Но хозяин не понимал их. И собаки тоже не понимали, почему коза, выставив острые рожки, кидается на них, а бараны рвутся назад. Пастух, испугавшись, наотмашь хлестал кнутом, думая: уж не взбесились ли его бараны и коза? Может, сошли с ума от страха, а может, без воды ополоумели? Он спешил домой! Стояло уже утро, и пора было гнать стадо на выпас, а до дома пастуху предстояло еще идти и идти. С досады он плюнул, слез с коня и стал помогать собакам, подгоняя козу и баранов.

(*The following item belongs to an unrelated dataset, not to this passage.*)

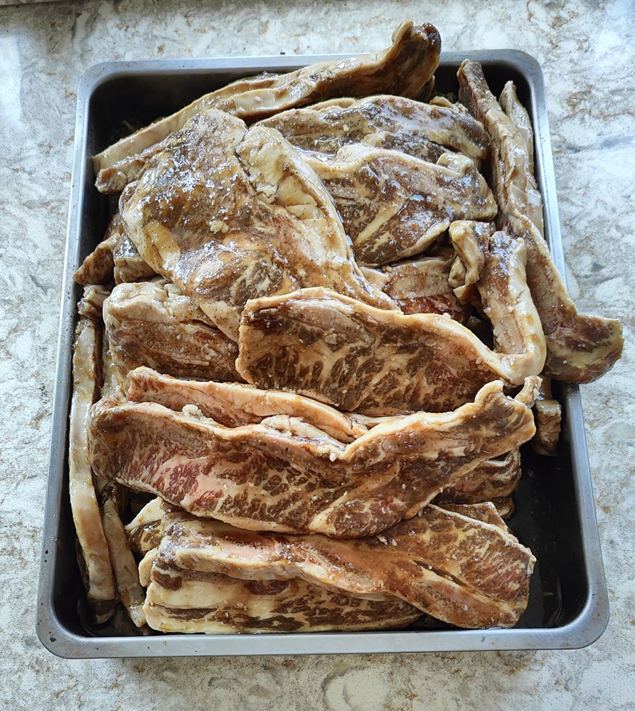 “The Galbi short ribs were from Sam's club. Best quality I've ever bought before(烤肉用的牛小排是山姆会员商店买的。这是我迄今买到过的品质最好的牛小排)。”

Ёси сквозь сон слышала всё это – и лай собак, и ругань хозяина, и щелканье кнута. Вот поэтому-то ей и приснился тот странный сон-явь.
17
Солнце поднималось всё выше и выше. Там, куда доставали его лучи, иней таял, превращаясь в росу. Роса, отражая солнечный свет, сверкала на деревьях и траве. От тепла она испарялась, и над землей стоял легкий туман, который быстро уносило ветерком. Причем уносило так быстро, что и заметить это было невозможно: только чуть-чуть дрожал воздух. А в ложбинах и под деревьями еще долго лежал иней, лежал до тех пор, пока разогретый воздух не добрался и туда.
Ёси проснулась, как будто ее что-то подбросило, вскочила на ножки и прислушалась. До нее доносилось «Ме-е – ме-е» и шум копыт: шло стадо, слышался свист пастуха. Но нет, хозяин так не свистел, это был кто-то другой. Взбежав на бугорок, она увидела большую отару, собаку и пастуха. Но это явно был не хозяин! – рядом с этим человеком не было лошади, и у него была всего одна собака, да еще и совсем не такая, как у хозяина Ёси.
Но всё же, может быть, ее мама там, в этой отаре? Ёси хотела было побежать и поискать маму или хотя бы что-то узнать о ней. Может, хоть кто-нибудь что-то про маму знает? Она уже приготовилась бежать, но вдруг подумала, что мама обязательно за ней придет, вернется, – и остановилась. Подумав минутку, маленькая козочка принялась кричать: «Ме-е, ме-е, мама, ме-е!..». Но стадо было далеко и шло совсем не к Ёси, а гораздо западнее, через гряду больших кучугур, на юг. И никто не слышал слабого Ёсиного голоска…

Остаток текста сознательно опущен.